TASK DESCRIPTION | Apart from the pictures, print the data below exactly as given.

Records excerpted from a collection:
· · · · ·

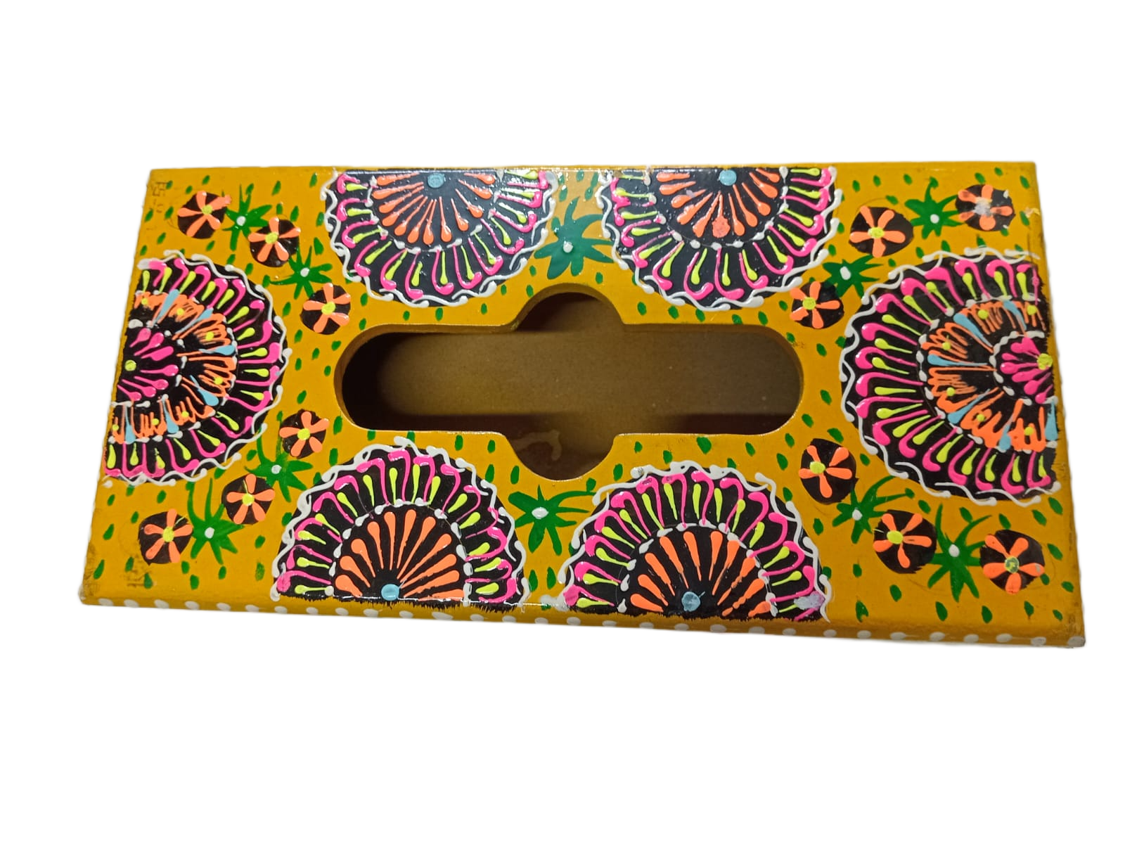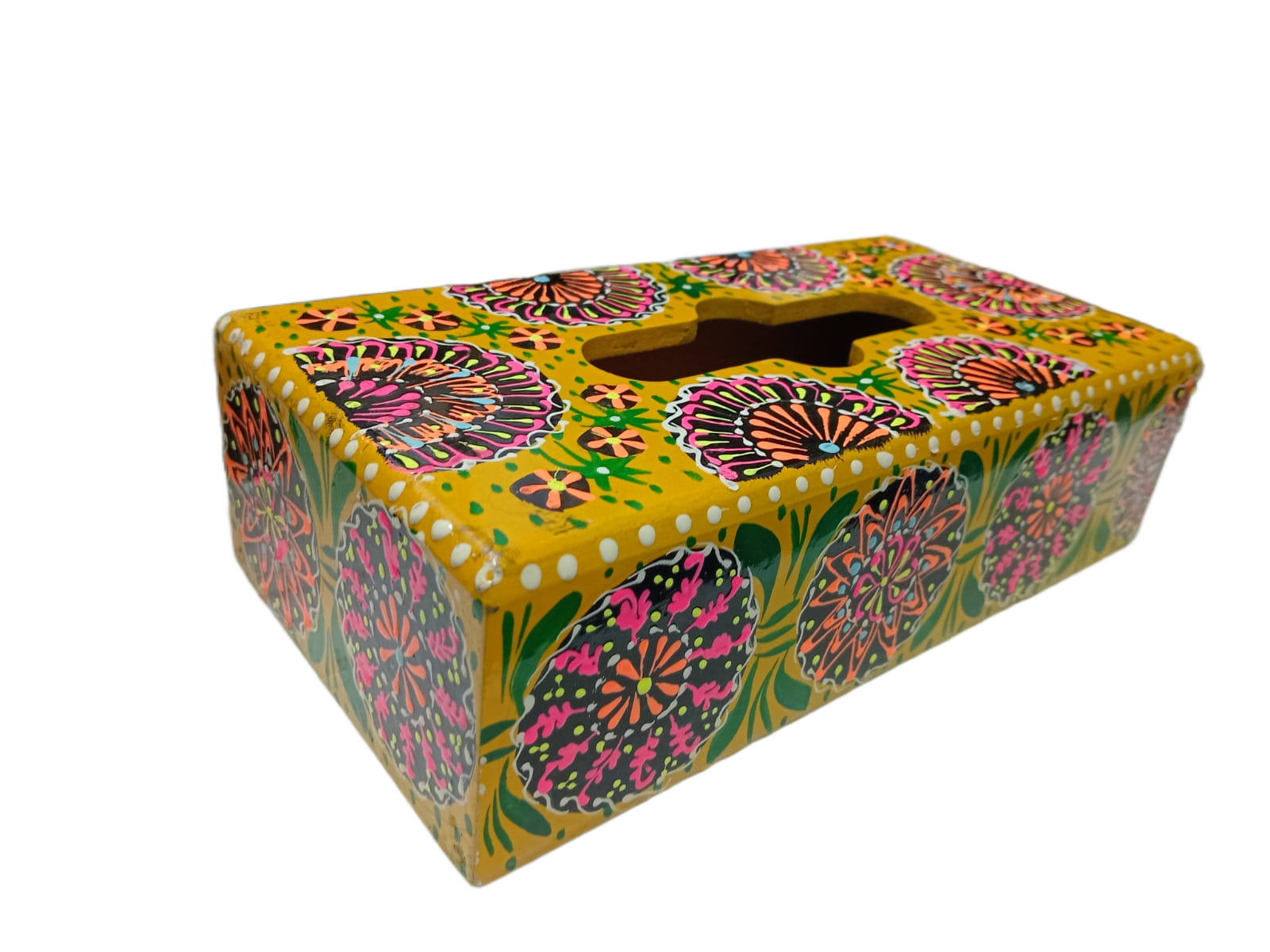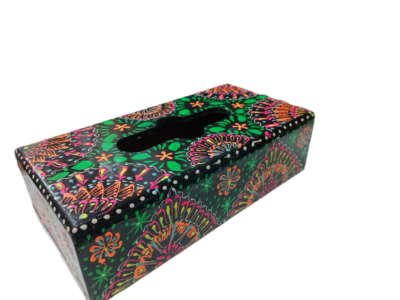 Enhance your home décor with this stunning handcrafted wooden tissue box, designed to combine functionality with artistic charm. Featuring intricate floral patterns in vibrant hues, this tissue box brings a lively and traditional touch to any room. The detailed hand-painted design highlights fine craftsmanship, making each piece unique and eye catching.
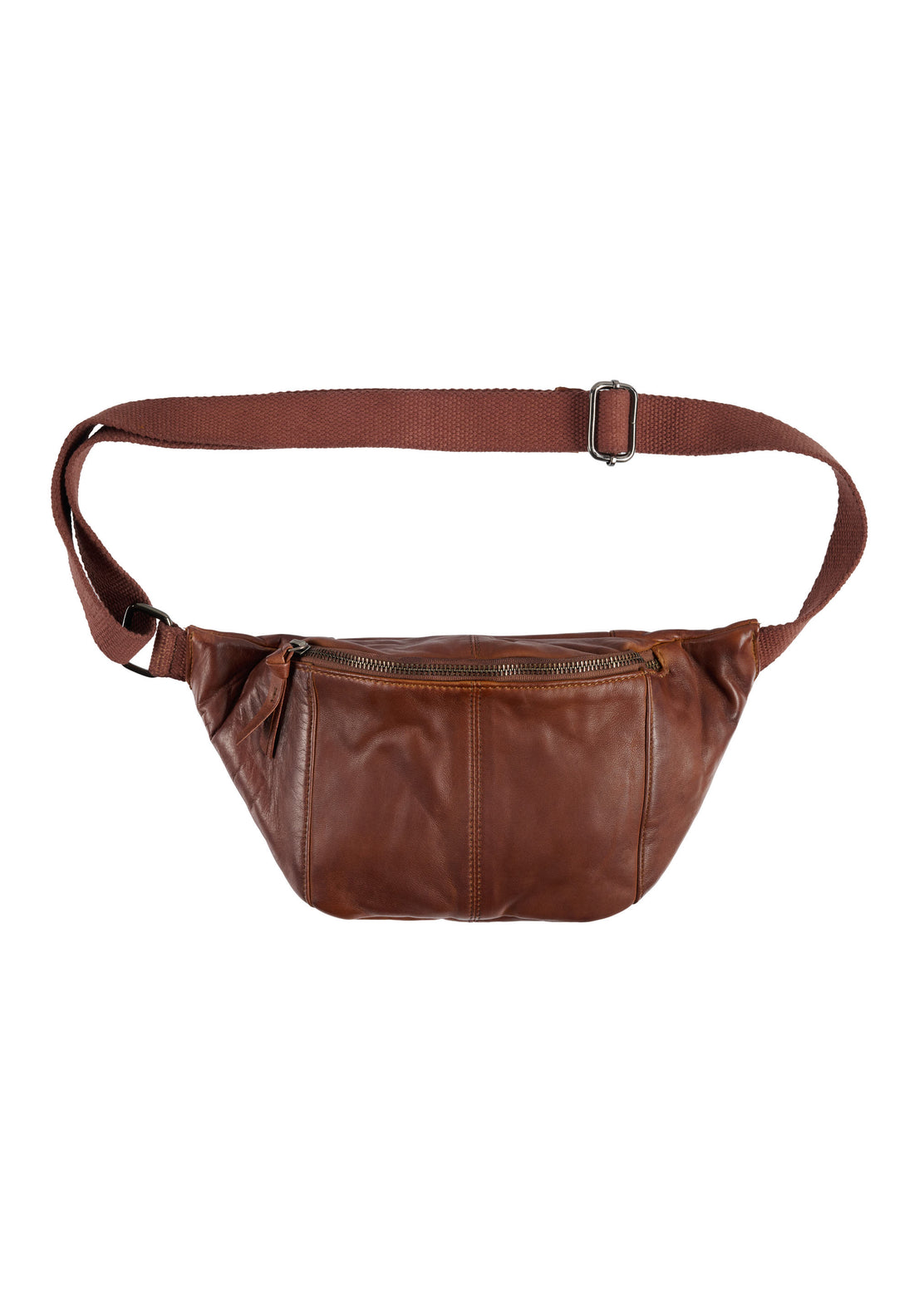 Smart bumbag i blødt, vasket læder med to udvendige lynlåslommer og én indvendig lynlåslomme. Tasken...
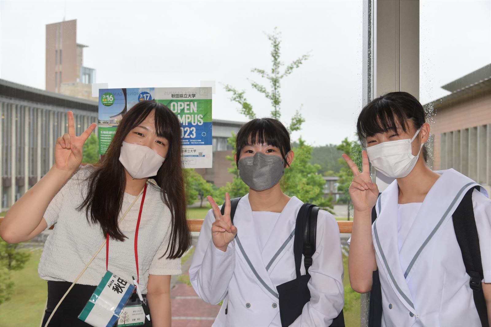 令和5年7月16日(日)生物資源科学部、7月17日(月・祝)システム科学技術学部のオープンキャンパスは、雨脚も弱まるとの見通しであったため、予定通りオープンキャンパスを開催しました。開催にあたっては、前日の予想外の豪雨で秋田市内でも至る所での浸水等の被害もあり、参加予定の皆さまには安全の確保が最優先であることを、ホームページ、Twitter等で呼びかけ、安全にお越しいただける方々のみを対象としての実施となりました。
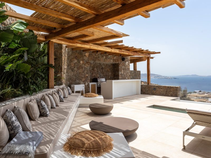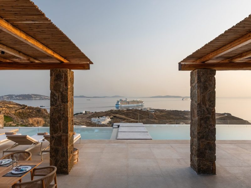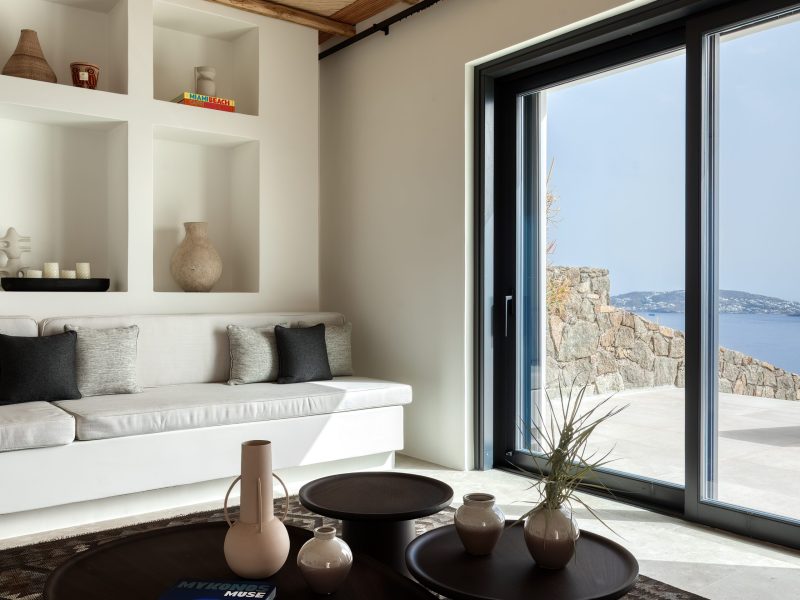Positioned just a short drive from Mykonos Town, guests have easy access to the island’s stunning beaches, vibrant nightlife, and cultural landmarks, while enjoying the privacy and peace of their villa retreat.
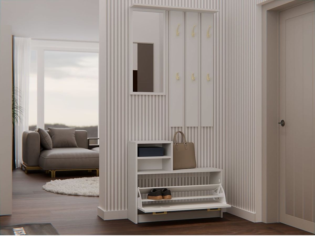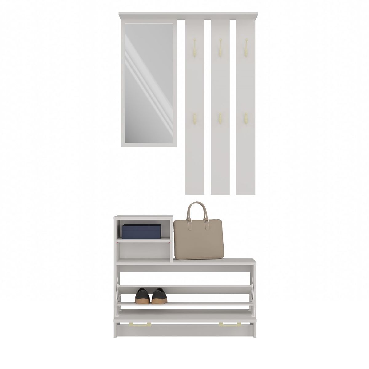 Garderobna omara z ogledalom in omaro za čevlje v barvi kašmir. .. več

· · · · ·

TASK OUTPUT |
 Enhance your home décor with this stunning handcrafted wooden tissue box, designed to combine functionality with artistic charm. Featuring intricate floral patterns in vibrant hues, this tissue box brings a lively and traditional touch to any room. The detailed hand-painted design highlights fine craftsmanship, making each piece unique and eye catching.
 Smart bumbag i blødt, vasket læder med to udvendige lynlåslommer og én indvendig lynlåslomme. Tasken...
 令和5年7月16日(日)生物資源科学部、7月17日(月・祝)システム科学技術学部のオープンキャンパスは、雨脚も弱まるとの見通しであったため、予定通りオープンキャンパスを開催しました。開催にあたっては、前日の予想外の豪雨で秋田市内でも至る所での浸水等の被害もあり、参加予定の皆さまには安全の確保が最優先であることを、ホームページ、Twitter等で呼びかけ、安全にお越しいただける方々のみを対象としての実施となりました。
Positioned just a short drive from Mykonos Town, guests have easy access to the island’s stunning beaches, vibrant nightlife, and cultural landmarks, while enjoying the privacy and peace of their villa retreat.
 Garderobna omara z ogledalom in omaro za čevlje v barvi kašmir. .. več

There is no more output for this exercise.